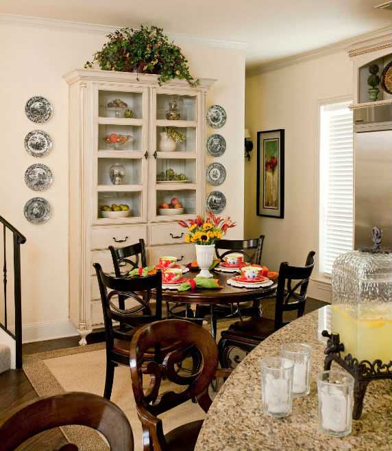 - В просторной кухне место буфета – в столовой зоне или недалеко от входа на кухню. Этот вариант предпочтителен, поскольку заставляет вошедшего обращать внимание не только на сам шкаф, но и на его содержимое.
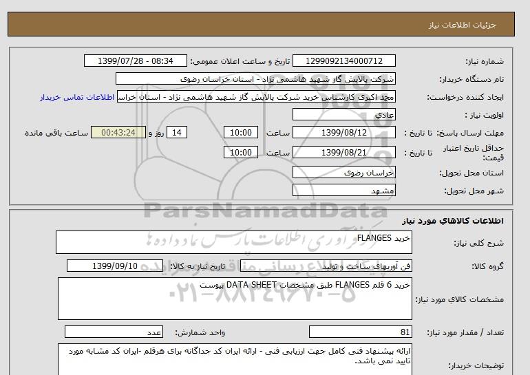 نام دستگاه خریدار:شرکت پالایش گاز شهید هاشمی نژاد - استان خراسان رضوی
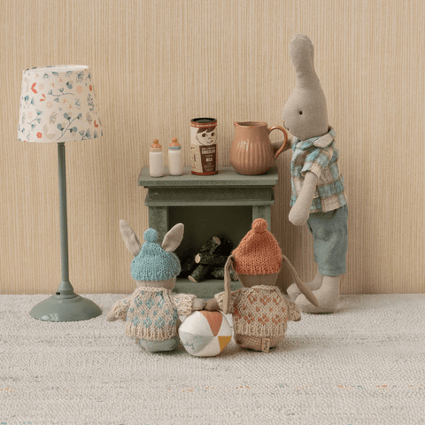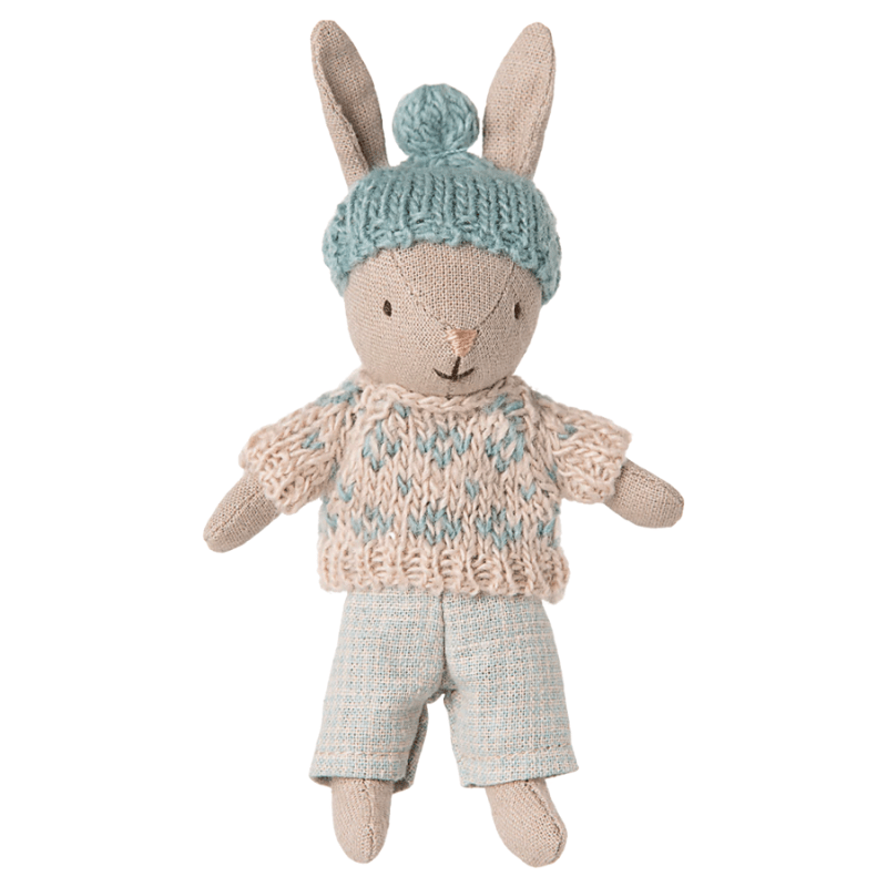 Let the storytelling and hours of play begin with this soft bunny. It fits Maileg accessories in size micro perfectly and can live in the House of miniature dollhouse. This bunny size is also perfect on the go so you can bring the magic everywhere.
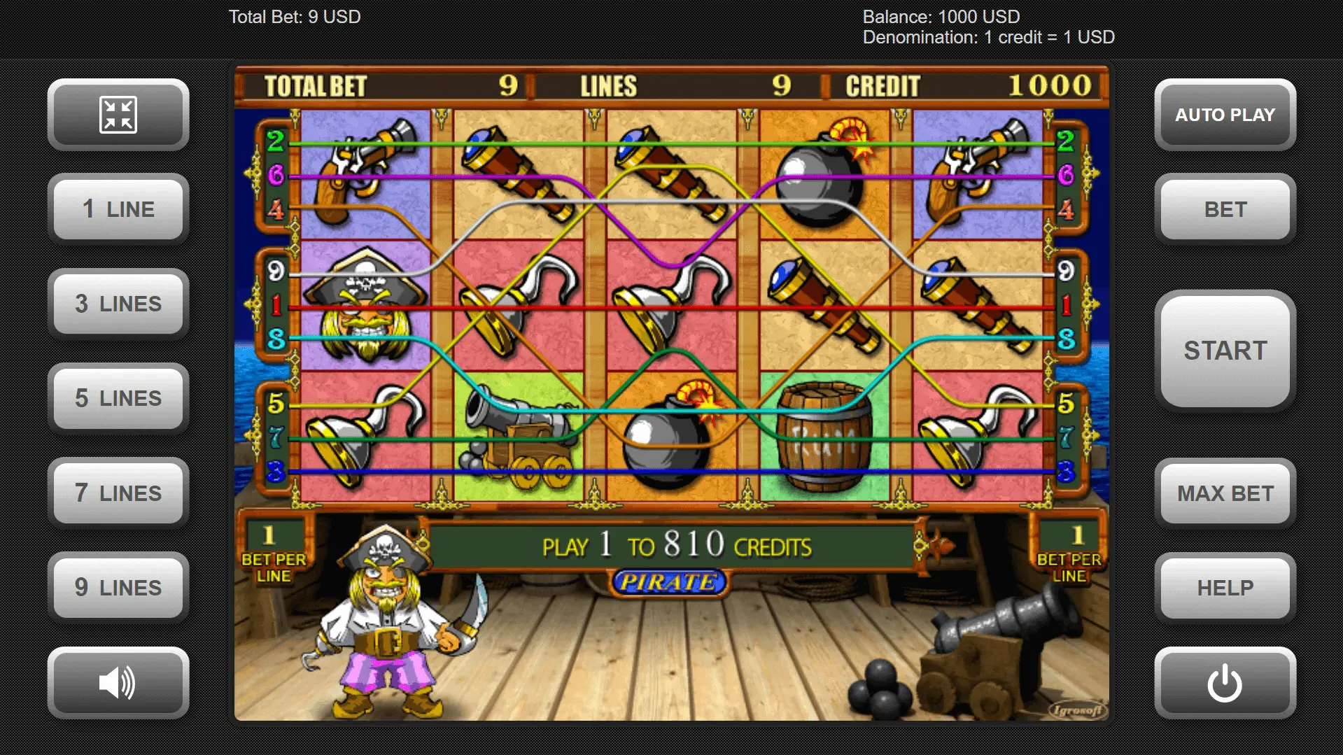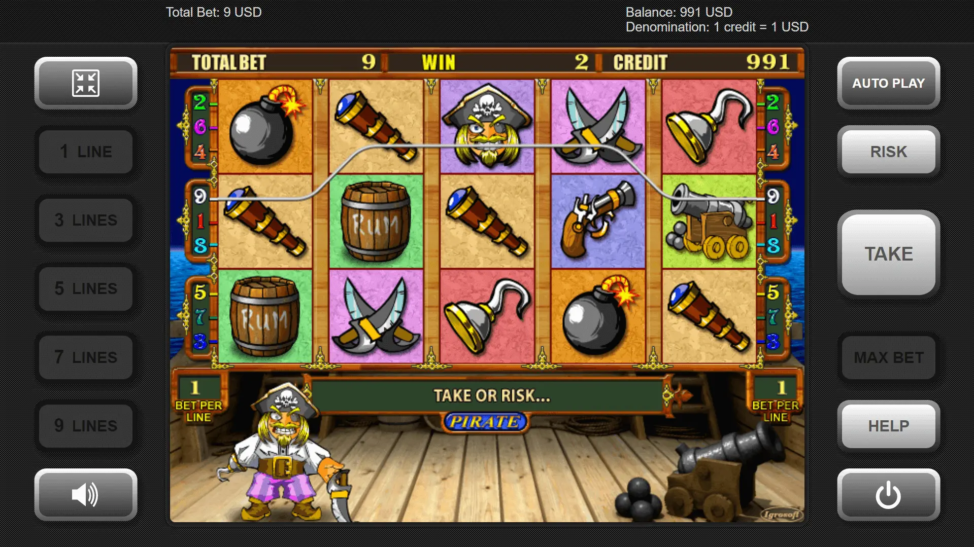 It’s worth mentioning Igrosoft in this review, as they are the provider responsible for creating this unique real money slot machine. If you’re looking for a Pirate casino to play this game, you can find their logo at the footer of the page.
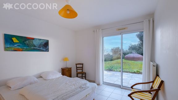 - Chambre 1 : deux lits simples pouvant former un lit double (lit queen-size 160x200), offrant un accès direct à la terrasse et une salle d'eau privative (avec douche et WC)
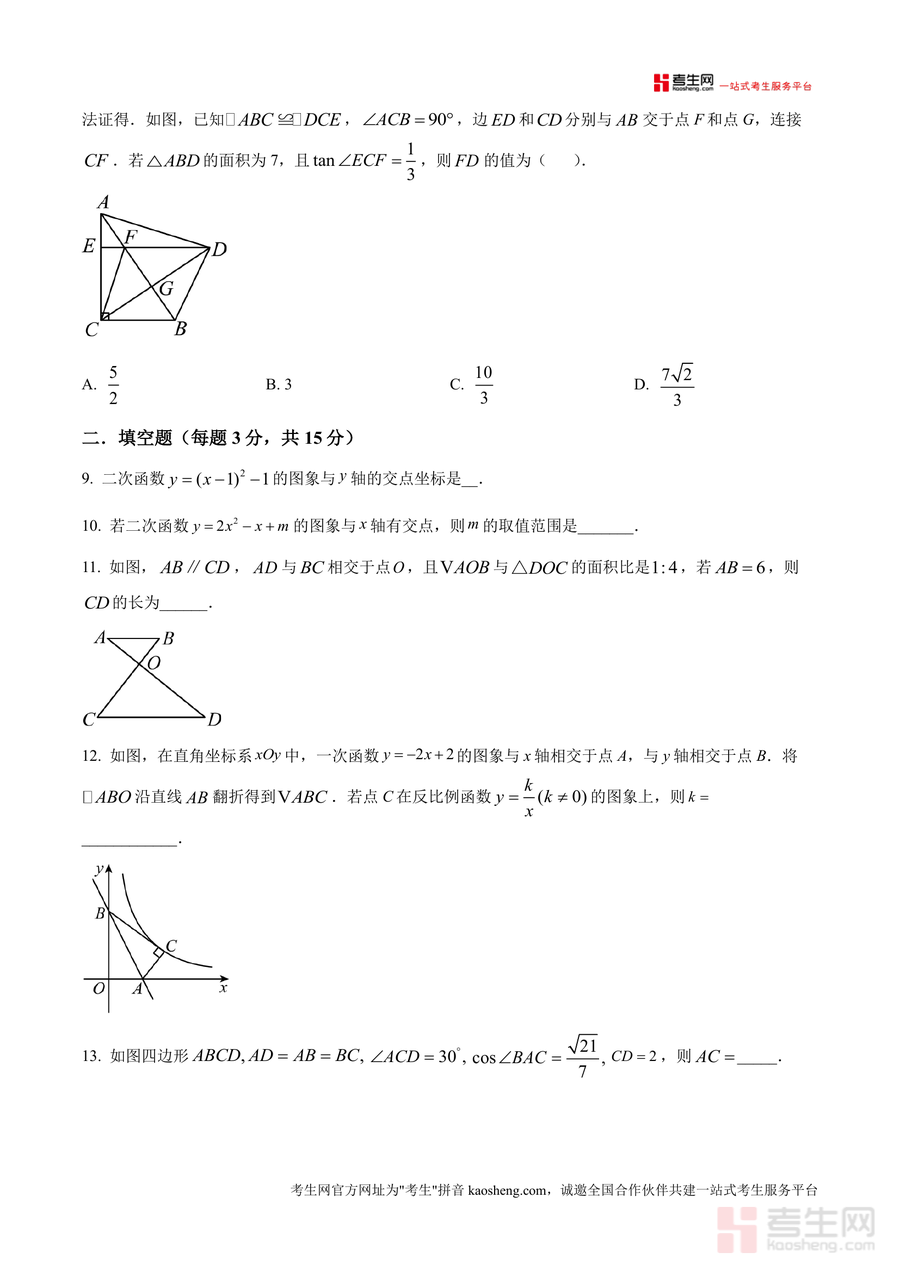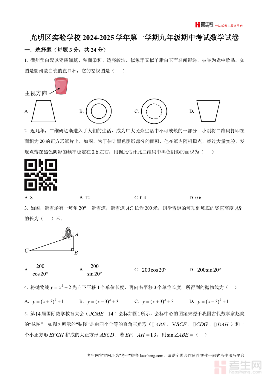 适用人群为深圳市光明区实验学校及周边区域九年级学生、初中数学教师及关注孩子期中备考的家长。该试卷作为本地名校期中真题资源,具有稀缺性与针对性,是学生期中备考不可替代的重要资料,其涵盖的核心知识点与解题方法也可为后续中考复习奠定坚实基础,具有长期参考价值。
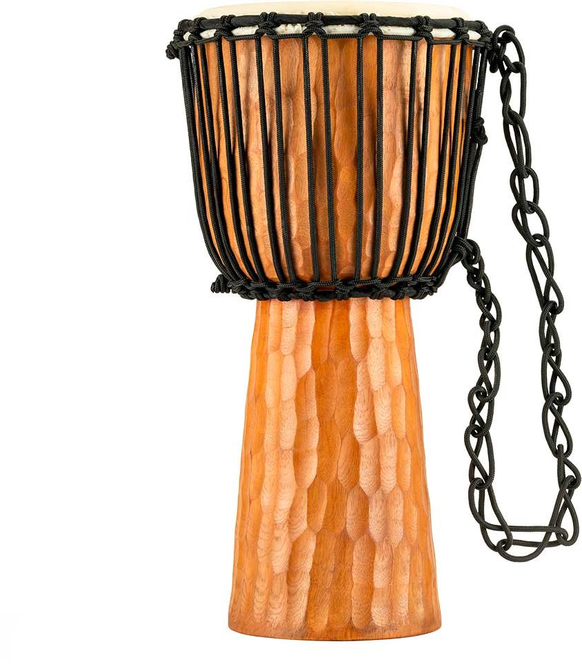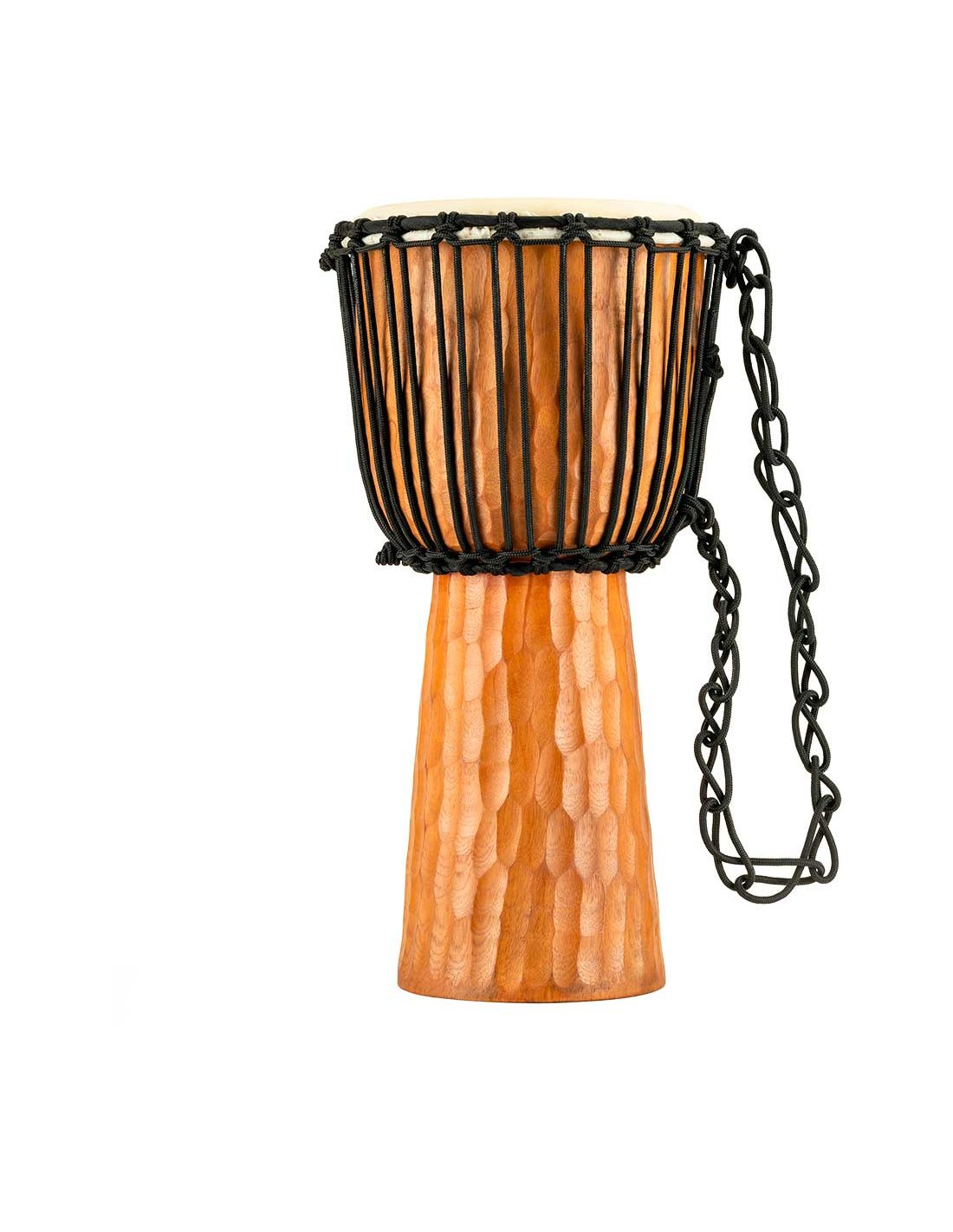 'Wooden djembe measures 10"”. Equipped with hand-selected goatskin heads and nylon strings for optimal tuning. The beautiful djembes from the Meinl Headliner series stand out for their traditional and exotic graphics. 100% meticulously handcrafted according to Meinl's high quality standards.

◇ ◇ ◇ ◇ ◇

### Goal of the exercise
Without the pictures, copy the entries from their first line through the line containing "نام دستگاه خریدار:شرکت", and only those lines.

### Output
 - В просторной кухне место буфета – в столовой зоне или недалеко от входа на кухню. Этот вариант предпочтителен, поскольку заставляет вошедшего обращать внимание не только на сам шкаф, но и на его содержимое.
 نام دستگاه خریدار:شرکت پالایش گاز شهید هاشمی نژاد - استان خراسان رضوی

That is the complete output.